Pipeline fastqc.py

Author:

Stephen Sansom

Release:

$Id$

Date:

Apr 28, 2026

Tags:

Python

Overview

The pipeline runs the FASTQC quality control tool and post-processes the output for downstream-visualisation.

Configuration

The pipeline requires a configured pipeline_fastqc.yml file.

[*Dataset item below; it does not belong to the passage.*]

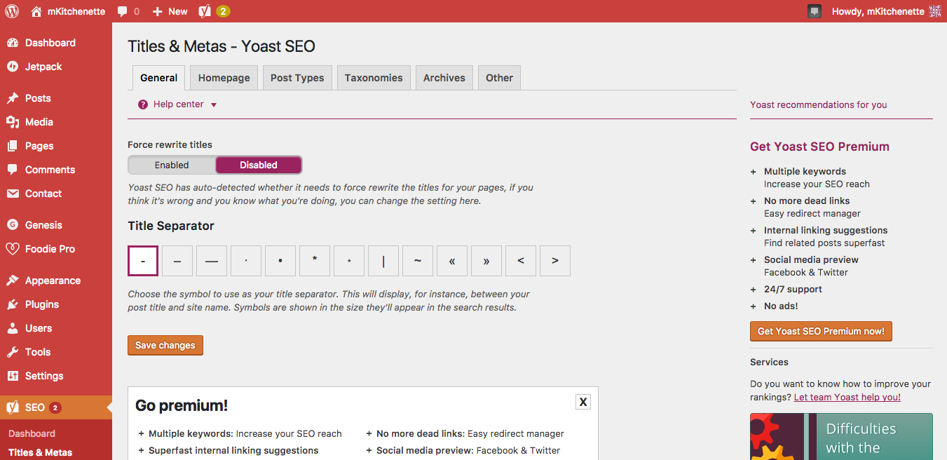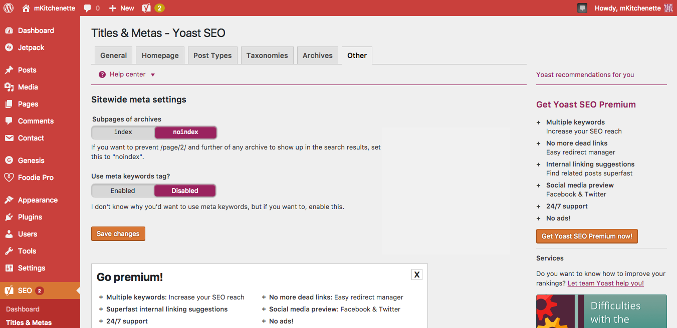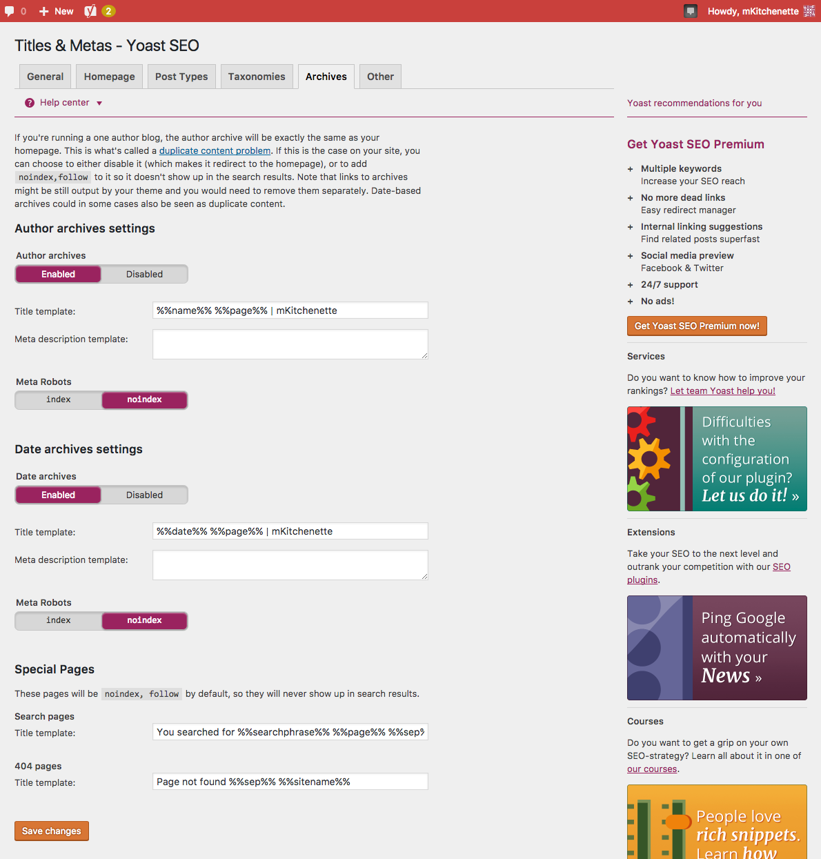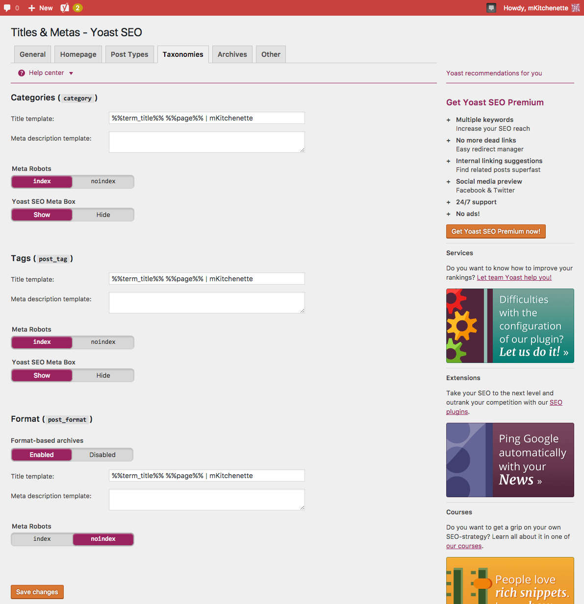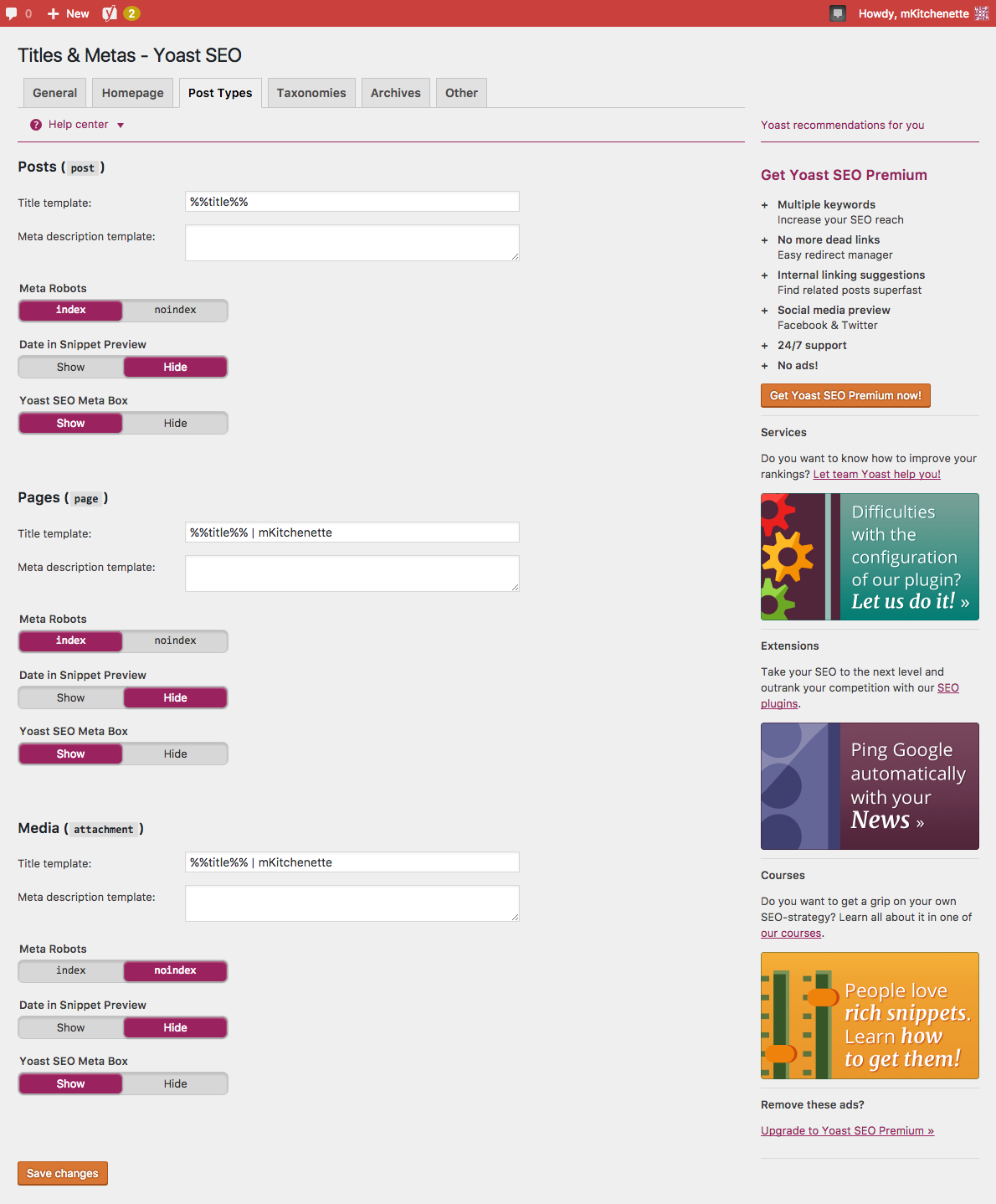 Yoast SEO Titles & Metas option lets you customize the titles, meta description, and indexing option of your WordPress pages and posts and archives (categories, tags, media, author, date).

A default configuration file can be generated by executing:

txseq fastqc config

Inputs

The pipeline requires the following inputs

  1. samples.tsv: see Configuration files

  2. libraries.tsv: see :doc: Configuration files<configuration>

Requirements

The following software is required:

  1. FastQC

Output files

The pipeline produces the following outputs:

  1. fastqc results: for each FASTQ file in the “fastqc.dir” sub-folder

  2. An sqlite database: in a file named “csvdb” which contain summary tables of the fastqc results e.g. for plotting in R.

Note

For quick visualations of the fastqc results it is recommended to use MultiQC.

Code

txseq.pipeline_fastqc.buildFastQCSummaryStatus(infiles, outfile)

load FastQC status summaries into a single table.

txseq.pipeline_fastqc.loadFastQC(infile, outfile)

load FASTQC stats into database.

txseq.pipeline_fastqc.loadMetadata(infile, outfile)

load the sample and fastq table into the database